Audio Driver Lip Synchronization: Input audio and video to automatically generate lip movements that match the sound.
End-to-end video generation: No intermediate representation is required, and clear lip-synchronized video is output directly.
Time Consistency Optimization: Reduces picture jumps with TREPA technology and timing layers.
Chinese video support: Version 1.5 improves the handling of Chinese audio and video.
Efficient training support: Multiple U-Net configurations are available, with memory requirements as low as 20GB.
Data processing pipeline: Built-in tools to clean the video data and ensure the quality of the generation.
parameterization: Support for adjusting the number of inference steps and guidance scales to optimize the generation effect.

Using Help

LatentSync is a locally run tool for users with a technical base. The installation, reasoning and training process is described in detail below.

Installation process

Hardware and software requirements
- Requires NVIDIA graphics card with at least 6.8GB video memory (for inference), 20GB or more recommended for training (e.g.

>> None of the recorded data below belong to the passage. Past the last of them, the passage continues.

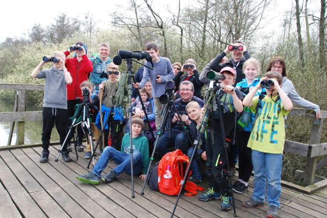 Naturschutzjugend bei der Vogelbeobachtung; Foto: B.Butsch, NABU Wedemark
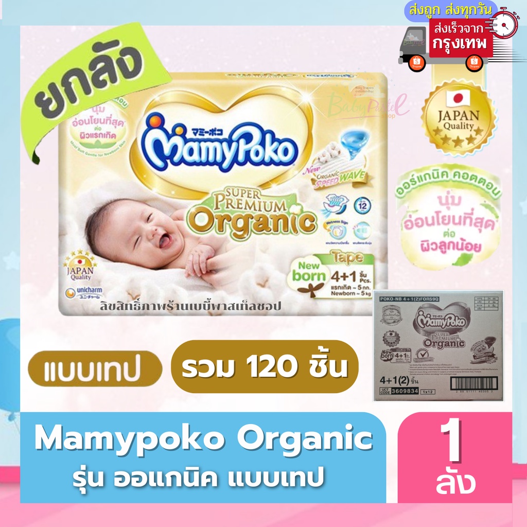 Mamypoko Organic ออแกนิค SuperPremium Newborn แรกเกิด NB( รุ่นเทป ) ยกลัง 120 ชิ้น* มีครึ่งลังด้วยนะคะ(ค่าส่งถูกจาก กทม)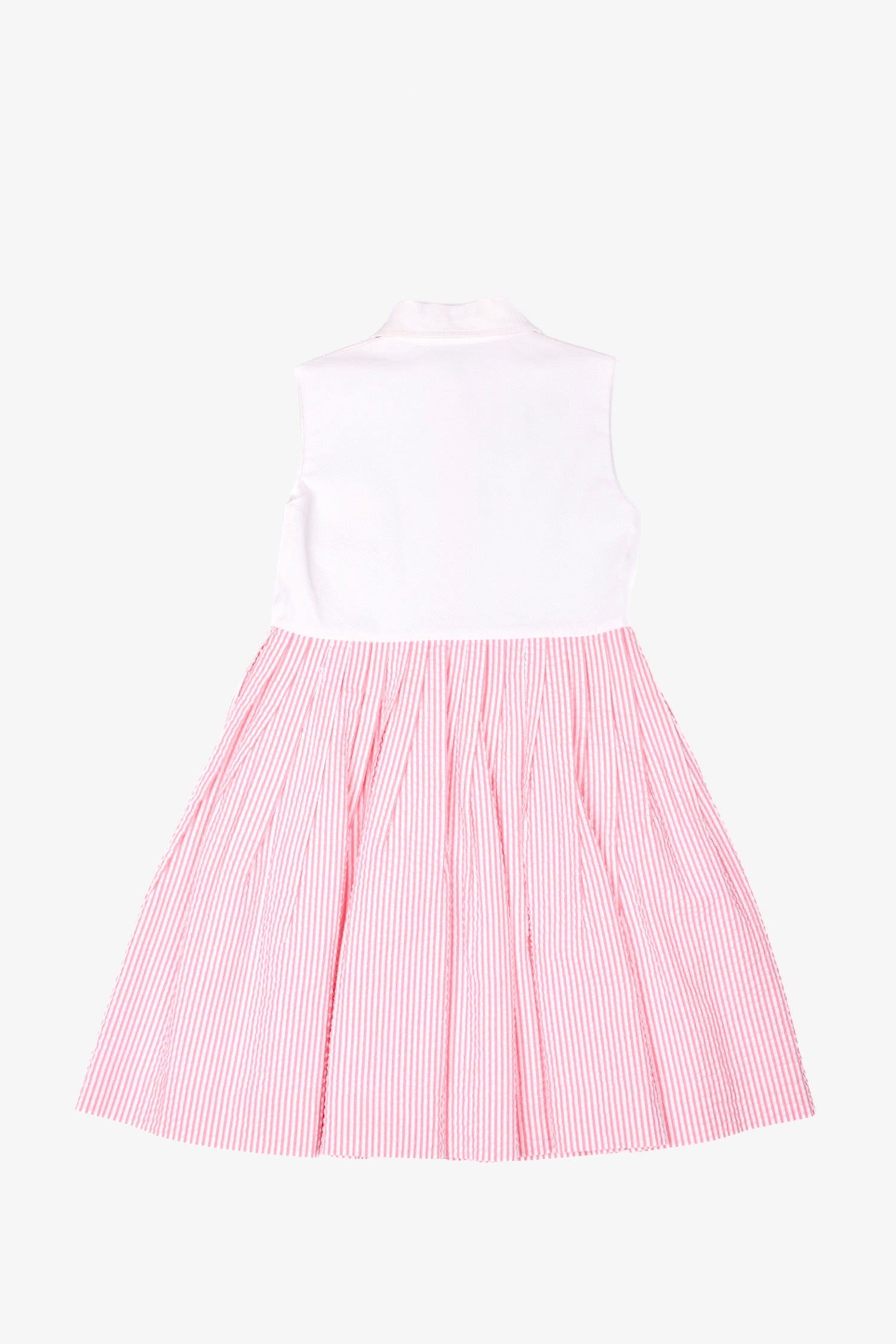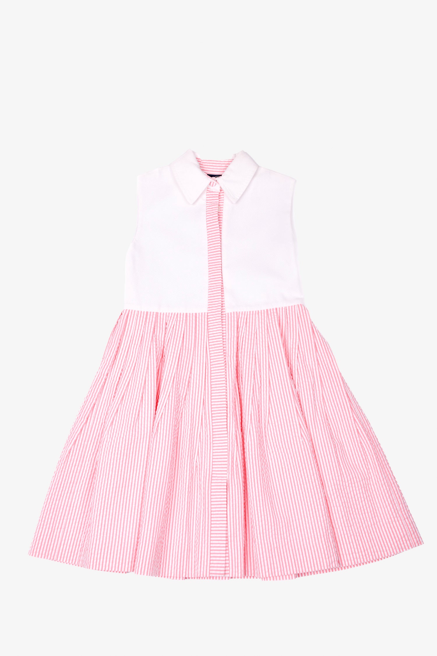 Oscar De La Renta White/Pink Striped Sleeveless Collared Dress Size 8Y Kids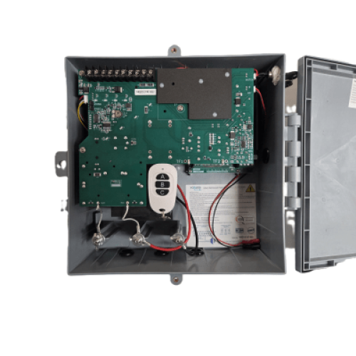 Energizador para Cerco Eléctrico AF-CR / 10,000 Volts / 10,000 Metros Lineales / Alimentación AC 127-220V o Solar / Control Remoto RF 433 MHz / Sistema de Alarma Integrado / Salida Auxiliar 12Vdc 1.5A / Respaldo con Batería Interna 4A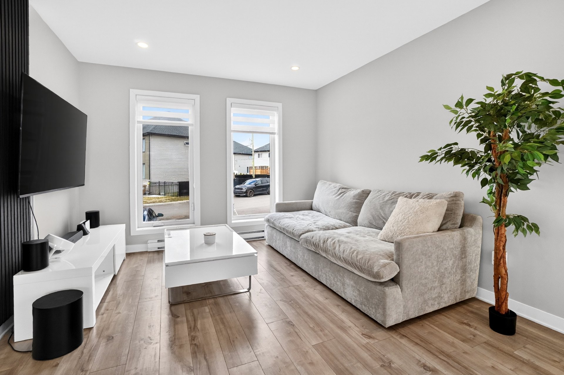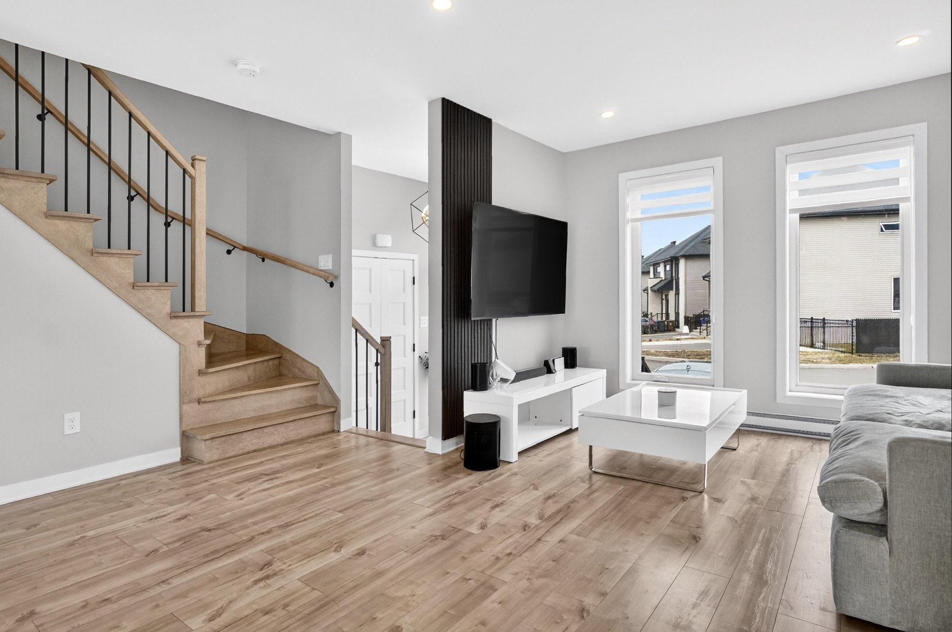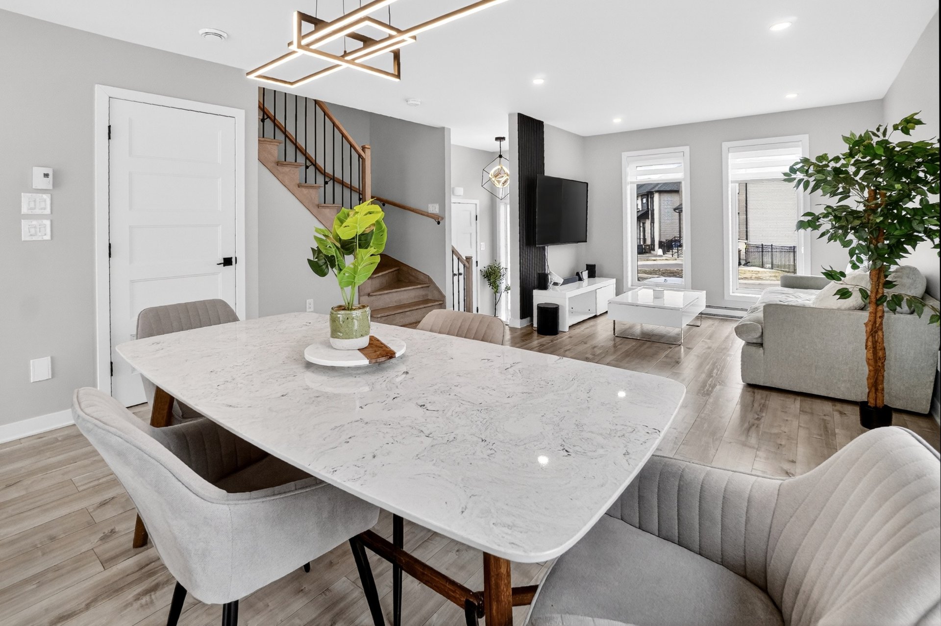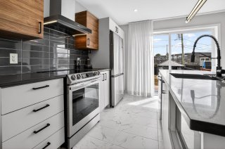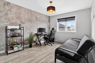 Dès l'entrée, vous serez impressionné par l'espace de vie à aire ouverte, baigné de lumière naturelle. Le salon, la salle à manger et la cuisine s'intègrent parfaitement, offrant un environnement moderne et fonctionnel. La cuisine propose des comptoirs de quartz, des armoires au goût du jour et une finition soignée. Des encastrés ont été ajoutés au plafond, accentuant l'ambiance chaleureuse et contemporaine.

RTX 3090).
- Supports Linux or Windows (Windows requires manual script adjustment).
- Install Python 3.10, Git, and PyTorch with CUDA support.
Download Code
Runs in the terminal:

git clone https://github.com/bytedance/LatentSync.git
cd LatentSync

Installation of dependencies
Execute the following command to install the required libraries:

pip install -r requirements.txt

Additional installation of ffmpeg for audio and video processing:

sudo apt-get install ffmpeg  # Linux

Download model

surname Cong Hugging Face downloading latentsync_unet.pt cap (a poem) tiny.ptThe

Put the file into the checkpoints/ directory with the following structure:

checkpoints/
├── latentsync_unet.pt
├── whisper/
│   └── tiny.pt

If you train SyncNet, you will also need to download stable_syncnet.pt and other auxiliary models.

Verification Environment
Run the test command:

python gradio_app.py --help

If no error is reported, the environment is built successfully.

inference process

LatentSync offers two inference methods, both with a graphics memory requirement of 6.8GB.

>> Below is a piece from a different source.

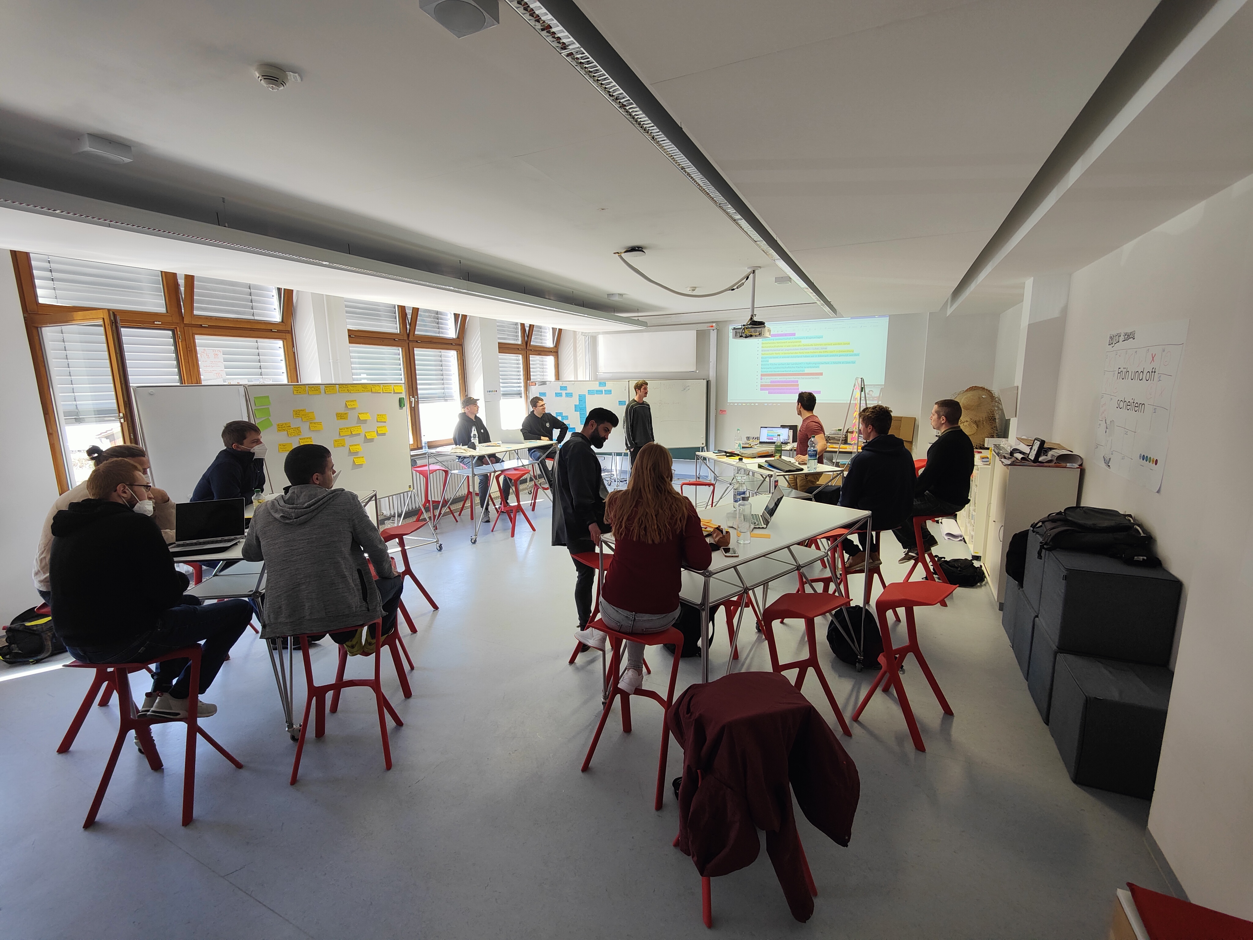 16 Studierende haben sich dafür in unterschiedliche Teams aufgeteilt: Die einen verschafften sich auf Basis von Daten der Energieagentur Biberach einen Überblick über die Verbräuche, eine andere Gruppe prognostizierte diese in die Zukunft, das dritte Team befragte die Menschen im Landkreis nach ihrer Meinung und eine vierte Gruppe befasste sich mit Softwareprogrammen, mithilfe derer sich verschiedene Lösungen anschaulich darstellen lassen. In einer sehr frühen Phase ihres Projekts begaben sich die Studierenden ins Design Thinking Lab der Hochschule. Hier prototypten, also überprüften sie ihre Ideen anhand von vereinfachten Versuchsmodellen und konkretisierten ihre Überlegungen für einen Energiewendekonfigurator, in dem sie alle Informationen zusammenführen und die Bürger*innen im Landkreis motivieren wollen, einen Beitrag zur Energiewende zu leisten.

Method 1: Gradio Interface

Launch the Gradio application:

python gradio_app.py

Open your browser and visit the prompted local address.
Upload the video and audio files, click Run and wait for the results to be generated.

Method 2: Command Line

Prepare the input file:

Video (e.g. input.mp4), need to contain clear faces.
Audio (e.g. audio.wav), 16000Hz recommended.

Run the reasoning script:

python -m scripts.inference 
--unet_config_path "configs/unet/stage2_efficient.yaml" 
--inference_ckpt_path "checkpoints/latentsync_unet.pt" 
--inference_steps 25 
--guidance_scale 2.0 
--video_path "input.mp4" 
--audio_path "audio.wav" 
--video_out_path "output.mp4"

inference_steps: 20-50, the higher the value the higher the quality and the slower the speed.
guidance_scale: 1.0-3.0, the higher the value the more accurate the lip shape, there may be slight distortion.

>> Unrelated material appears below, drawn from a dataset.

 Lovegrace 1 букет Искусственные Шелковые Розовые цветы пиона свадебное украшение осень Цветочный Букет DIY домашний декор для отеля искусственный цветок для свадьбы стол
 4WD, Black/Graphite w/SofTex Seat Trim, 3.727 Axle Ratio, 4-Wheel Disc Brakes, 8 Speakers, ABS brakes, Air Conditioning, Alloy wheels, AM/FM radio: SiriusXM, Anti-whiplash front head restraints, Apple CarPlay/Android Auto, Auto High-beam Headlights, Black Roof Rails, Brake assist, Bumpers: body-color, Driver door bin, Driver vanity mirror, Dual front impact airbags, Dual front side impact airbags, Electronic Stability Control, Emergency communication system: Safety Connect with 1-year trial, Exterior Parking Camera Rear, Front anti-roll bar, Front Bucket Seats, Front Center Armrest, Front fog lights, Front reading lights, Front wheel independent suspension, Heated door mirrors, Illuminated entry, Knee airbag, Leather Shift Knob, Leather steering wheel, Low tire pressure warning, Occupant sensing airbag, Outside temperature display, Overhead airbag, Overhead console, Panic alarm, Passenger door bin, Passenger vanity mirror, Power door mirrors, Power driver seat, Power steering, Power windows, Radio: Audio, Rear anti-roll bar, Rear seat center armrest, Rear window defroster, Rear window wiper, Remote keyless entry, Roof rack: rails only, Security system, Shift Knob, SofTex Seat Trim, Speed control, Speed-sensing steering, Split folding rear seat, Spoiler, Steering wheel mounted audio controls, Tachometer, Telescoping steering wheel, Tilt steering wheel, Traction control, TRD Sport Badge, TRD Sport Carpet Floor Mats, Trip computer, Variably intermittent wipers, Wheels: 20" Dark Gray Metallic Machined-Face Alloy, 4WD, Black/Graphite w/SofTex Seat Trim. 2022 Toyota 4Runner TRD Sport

probe output.mp4, confirming the lip synchronization effect.

Input Preprocessing

The video frame rate is recommended to be adjusted to 25 FPS:

ffmpeg -i input.mp4 -r 25 resized.mp4

The audio sample rate needs to be 16000Hz:

ffmpeg -i audio.mp3 -ar 16000 audio.wav

Data Processing Flow

If you need to train the model, you need to process the data first:

Run the script:

./data_processing_pipeline.sh

modifications input_dir for your video catalog.
The process includes:

Delete the corrupted video.
Adjust video to 25 FPS and audio to 16000Hz.
Split the scene using PySceneDetect.
Cut the video into 5-10 second segments.
Detect faces with face-alignment and resize to 256x256.
Filters videos with a synchronization score of less than 3.
Calculate hyperIQA score and remove videos below 40.

The processed video is saved in the high_visual_quality/ Catalog.

Training U-Net

Prepare data and all checkpoints.
Select the profile (e.g. stage2_efficient.yaml).
Run training:

./train_unet.sh

Modify the data path and save path in the configuration file.
Graphics Memory Requirements:

stage1.yaml: 23GB.
stage2.yaml: 30GB.
stage2_efficient.yaml: 20GB for regular graphics cards.

caveat

Windows users need to set the .sh Change to Python command run.
If the screen jumps, increase the inference_steps or adjust the video frame rate.
Chinese audio support was optimized in version 1.5 to ensure that the latest models are used.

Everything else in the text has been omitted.